If you've spent any time on the Internet this past week, you've probably heard and then argued over a certain viral sound clip.
He's saying, "Laurel," some people swear. No, he's saying, "Yanny," others insist. But for Broadway and television actor Jay Aubrey Jones, he hears himself.
Jones did some voice work for Vocabulary.com, recording more than 36,000 words for the website in 2007, including saying the word, "Laurel." And apparently, that is the source audio for the "Laurel, Yanny" viral clip that's been driving the Internet crazy.
"When I first heard this recording, it was on Wednesday morning on television, and I was putting myself together, and I did not recognize my voice at all," Jones tells Weekend Edition Sunday's LuLu Garcia-Navarro.
After receiving several phone calls, texts and emails from a producer at Vocabulary.com and other friends, Jones says, "They explained that it was my voice that has been creating this brouhaha for want of a better word."
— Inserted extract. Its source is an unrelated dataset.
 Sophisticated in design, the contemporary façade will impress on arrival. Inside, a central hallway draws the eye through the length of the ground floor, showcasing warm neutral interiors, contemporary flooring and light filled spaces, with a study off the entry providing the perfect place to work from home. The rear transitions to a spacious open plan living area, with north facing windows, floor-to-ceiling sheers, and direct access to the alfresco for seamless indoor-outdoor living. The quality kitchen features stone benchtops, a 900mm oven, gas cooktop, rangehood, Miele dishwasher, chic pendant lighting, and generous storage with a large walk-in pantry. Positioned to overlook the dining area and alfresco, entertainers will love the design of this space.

Jones says he actually hears the word, "Laurel," when he listens to the clip of his voice, but a friend of his "swore up and down that all she heard was 'Yanny.' "
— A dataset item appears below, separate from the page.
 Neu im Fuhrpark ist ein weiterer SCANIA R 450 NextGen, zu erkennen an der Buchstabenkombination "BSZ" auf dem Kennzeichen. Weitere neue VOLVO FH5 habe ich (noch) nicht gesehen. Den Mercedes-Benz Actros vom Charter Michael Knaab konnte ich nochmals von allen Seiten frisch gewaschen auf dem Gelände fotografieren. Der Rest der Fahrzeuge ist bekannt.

"I think it has to do first of all with what has happened with people's computers or listening devices, also how people process sound, which is highly individual," he says.
Jones, whose three-decade Broadway career includes a run as an understudy in the musical Cats, also appeared on the television shows, The Michael J. Fox Show and Gotham. Now, he's gone viral.
"I'm not sure" I'll add this to my resume, Jones says. "How does one put it? Under the caption, Radio: The 'Laurel' Guy."